- EXCERPTED DATA -
##############################

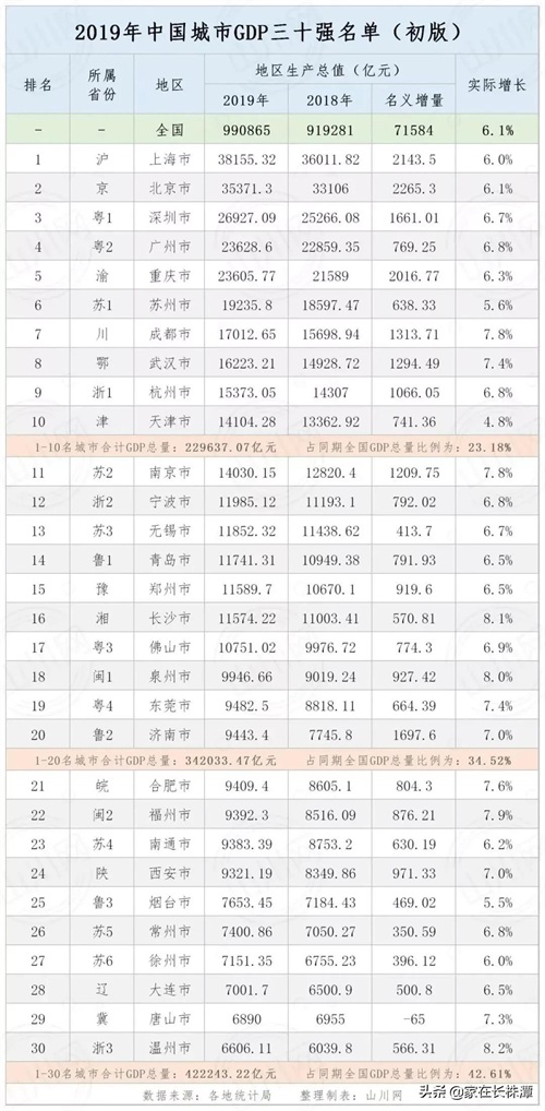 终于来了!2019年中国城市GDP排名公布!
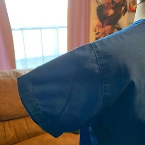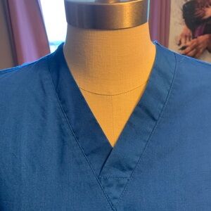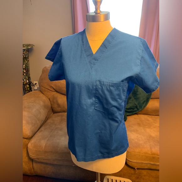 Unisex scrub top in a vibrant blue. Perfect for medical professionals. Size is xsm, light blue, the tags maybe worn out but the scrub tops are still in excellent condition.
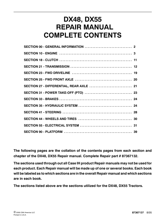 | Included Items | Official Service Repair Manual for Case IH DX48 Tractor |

##############################

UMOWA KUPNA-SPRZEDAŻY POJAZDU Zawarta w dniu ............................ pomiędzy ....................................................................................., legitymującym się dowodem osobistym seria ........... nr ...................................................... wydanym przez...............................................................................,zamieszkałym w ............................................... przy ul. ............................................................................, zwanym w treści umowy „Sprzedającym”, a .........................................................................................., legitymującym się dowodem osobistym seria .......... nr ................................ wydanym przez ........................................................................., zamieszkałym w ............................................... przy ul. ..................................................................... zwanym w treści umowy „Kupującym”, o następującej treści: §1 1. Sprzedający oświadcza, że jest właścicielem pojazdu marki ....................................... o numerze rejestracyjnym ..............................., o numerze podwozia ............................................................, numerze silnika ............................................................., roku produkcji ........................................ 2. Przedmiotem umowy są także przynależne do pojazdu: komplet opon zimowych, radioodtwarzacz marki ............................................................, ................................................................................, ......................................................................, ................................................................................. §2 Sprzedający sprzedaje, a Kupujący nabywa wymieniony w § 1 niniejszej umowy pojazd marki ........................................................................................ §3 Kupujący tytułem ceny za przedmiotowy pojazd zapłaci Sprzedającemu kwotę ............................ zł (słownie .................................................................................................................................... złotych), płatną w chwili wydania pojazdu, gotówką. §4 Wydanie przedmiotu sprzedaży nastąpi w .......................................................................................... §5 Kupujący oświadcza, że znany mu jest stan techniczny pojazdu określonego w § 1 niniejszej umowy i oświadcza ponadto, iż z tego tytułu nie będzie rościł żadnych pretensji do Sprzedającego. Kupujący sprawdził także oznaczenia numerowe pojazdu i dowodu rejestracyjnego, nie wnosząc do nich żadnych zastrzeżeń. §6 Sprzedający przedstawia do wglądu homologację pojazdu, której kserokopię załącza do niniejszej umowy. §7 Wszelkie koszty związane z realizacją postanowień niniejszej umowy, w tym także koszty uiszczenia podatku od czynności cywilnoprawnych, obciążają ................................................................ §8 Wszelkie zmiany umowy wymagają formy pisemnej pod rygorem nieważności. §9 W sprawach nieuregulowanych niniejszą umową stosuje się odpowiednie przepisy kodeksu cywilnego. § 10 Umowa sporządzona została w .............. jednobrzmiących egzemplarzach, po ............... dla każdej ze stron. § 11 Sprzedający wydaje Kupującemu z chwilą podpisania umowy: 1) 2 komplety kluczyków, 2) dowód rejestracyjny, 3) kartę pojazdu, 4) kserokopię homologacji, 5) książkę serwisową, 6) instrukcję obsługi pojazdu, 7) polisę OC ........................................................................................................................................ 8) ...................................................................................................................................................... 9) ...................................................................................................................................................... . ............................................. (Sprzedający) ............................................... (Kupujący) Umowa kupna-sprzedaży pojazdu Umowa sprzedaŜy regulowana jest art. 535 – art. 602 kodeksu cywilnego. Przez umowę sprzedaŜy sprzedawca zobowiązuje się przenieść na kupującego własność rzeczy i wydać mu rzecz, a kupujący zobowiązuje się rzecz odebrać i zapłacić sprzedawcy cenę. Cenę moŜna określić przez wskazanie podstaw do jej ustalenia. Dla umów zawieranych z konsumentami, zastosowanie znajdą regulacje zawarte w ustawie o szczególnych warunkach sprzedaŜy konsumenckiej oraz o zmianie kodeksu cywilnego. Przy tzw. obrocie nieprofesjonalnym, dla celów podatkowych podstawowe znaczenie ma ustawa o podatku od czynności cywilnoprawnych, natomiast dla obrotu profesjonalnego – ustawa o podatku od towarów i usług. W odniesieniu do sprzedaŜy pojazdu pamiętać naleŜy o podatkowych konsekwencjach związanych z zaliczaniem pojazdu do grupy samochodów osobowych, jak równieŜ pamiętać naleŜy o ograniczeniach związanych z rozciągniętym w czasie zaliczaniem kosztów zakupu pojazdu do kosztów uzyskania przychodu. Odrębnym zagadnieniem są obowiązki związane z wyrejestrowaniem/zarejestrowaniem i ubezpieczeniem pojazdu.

##############################

- EXERCISE REQUIREMENTS -
Taking the material above, give again exactly the lines from the one holding "Unisex scrub top" through the one holding "DX48 Tractor |", with both ends and without pictures.

- SOLUTION -
 Unisex scrub top in a vibrant blue. Perfect for medical professionals. Size is xsm, light blue, the tags maybe worn out but the scrub tops are still in excellent condition.
 | Included Items | Official Service Repair Manual for Case IH DX48 Tractor |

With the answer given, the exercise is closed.